# Excaliber dehydrator?



## CottageLife (Jul 20, 2009)

So my wonderful dh got me one for Christmas (the 9 tray with the timer). The first time we used it we noticed that the trays hit the back where the fan is and it was LOUD clanging around. We called, apparently this is a known issue as they immediately sent us a whole new back to the dehydrator. This one is not making the same noise, but noise. If you remove the trays it is the fan/air moving that you hear. Louder than a house fan, but not awful. Once we start at the bottom putting trays in, by the time we hit tray #4 it increases the noise greatly.

If you have one - how loud is yours? This thing was $200-$300, I don't think it should be nearly this loud?


----------



## sss3 (Jul 15, 2007)

I have two. 9 tray and 4 tray. No noise from either.


----------



## CottageLife (Jul 20, 2009)

Hmmm, thanks Sandra.

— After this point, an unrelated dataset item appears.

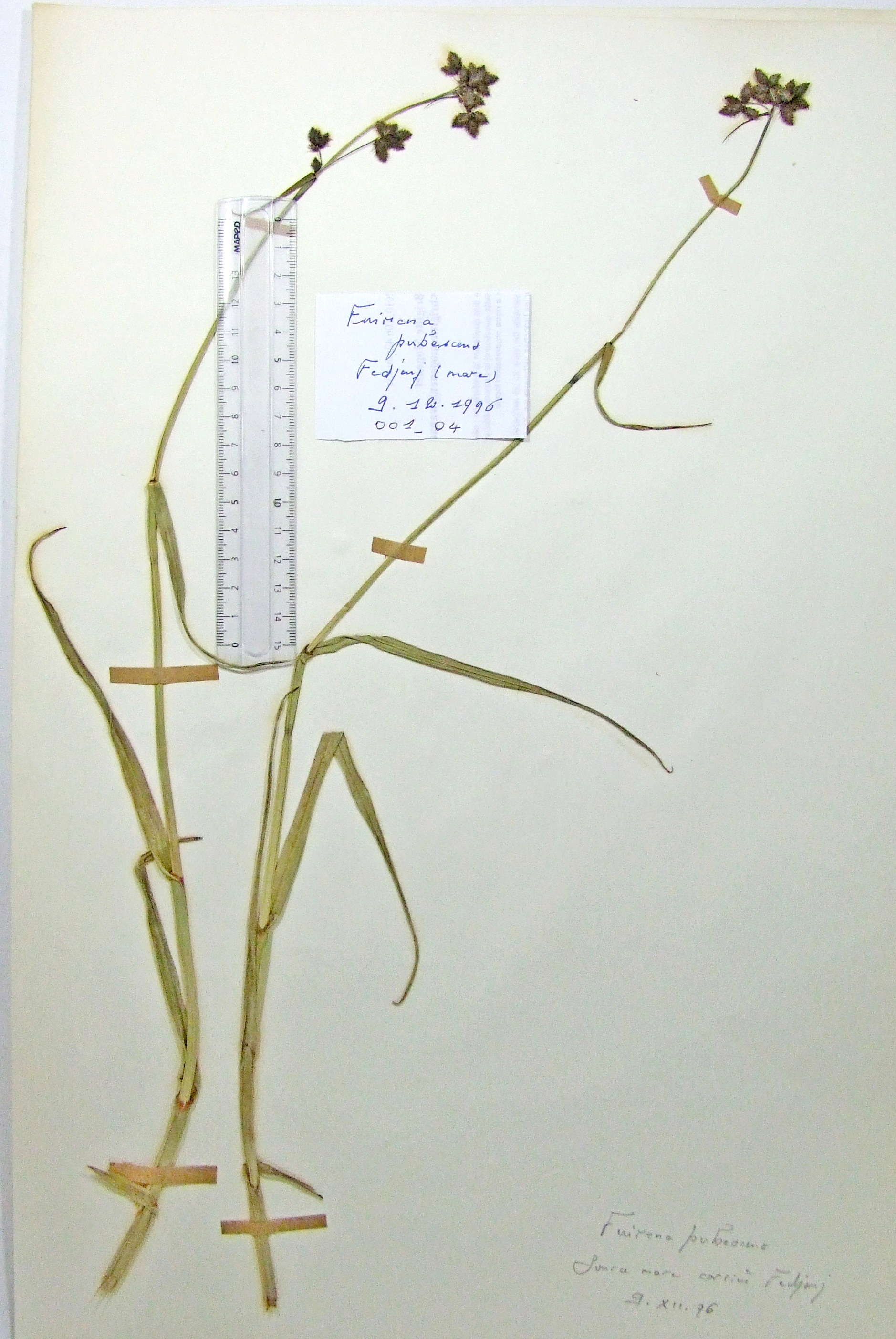 | 001_04 | Cyperaceae Fuirena pubescens (Poir.) Kunth. | x=8.249306 y=36.861389 z=92 m | mare Fedjouj El Tarf 1996-12-09 |  |

I have a feeling even this one is WAY too noisey for the $$ spent on it. Plus one of the knobs (which you have to remove and put on the new back panel that you replace) was glued into place so part of that broke off. Hopefully they will be helpful with this second issue also.


----------



## Goldielocks (Jan 1, 2010)

I have a 9 tray and it is very noisy! I only start it in the late evening so it runs all night. It would get on my nerves during the day. To have no noise would be great


----------



## suitcase_sally (Mar 20, 2006)

I'm glad to hear about this. I was thinking of getting one because they advertise them as being like the Cadillac of dehydrators. Maybe not!


----------



## NCLee (Aug 4, 2009)

I have a 9 tray, and while I can hear it running, it isn't as loud as my hair dryer, for example. I wouldn't want to sit beside it all day, but it doesn't bother me when it's running in then kichen. It's no ways as loud as the exhaust fan over the stove. 

Double check to make sure the screws are all tight and are evenly tight. I haven't looked at the back of mine that closely, but do know from experience with other things that a loose screw or screws not fairly evenly balance in tightening can cause vibrations. And, check any screws where the fan is mounted. Sometimes they'll loosen during shipping and handling. 

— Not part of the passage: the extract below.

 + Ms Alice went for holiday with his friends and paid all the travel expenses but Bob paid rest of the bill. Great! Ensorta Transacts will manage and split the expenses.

Just some thoughts that may be useful. I've used 3 Excalibur dehydrators. One loaned to me, a 4 tray that my sister has now, and the 9 tray. Never had any issues with any of them. 

Lee


----------



## CottageLife (Jul 20, 2009)

Thank you for the suggestions Lee. I will say - when we put that 4th tray in from the bottom is when the noise escalates. One the first 'back panel' that wire mesh was hitting the fan when you push the trays in to close the door. On this 'back panel' it isn't nearly as loud, but still making a weird noise like something is hitting. 

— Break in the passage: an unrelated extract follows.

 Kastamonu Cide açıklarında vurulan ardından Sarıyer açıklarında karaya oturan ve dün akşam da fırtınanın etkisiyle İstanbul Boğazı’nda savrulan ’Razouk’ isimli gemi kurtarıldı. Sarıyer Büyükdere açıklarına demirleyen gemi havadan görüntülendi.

We'll check the screws. I think since we had to replace the entire back panel that everything is tightened now. I still have to call and get a new knob since the other one was glued down.


----------



## NCLee (Aug 4, 2009)

Check to make sure the wire covering over the fan doesn't have a dent in it. Or a piece of broken wire that the fan is hitting. Maybe all that you need is a pair of needle nose pliers to straighten it out. Wish I could see it and touch it to help you figure out what's wrong.

Lee


----------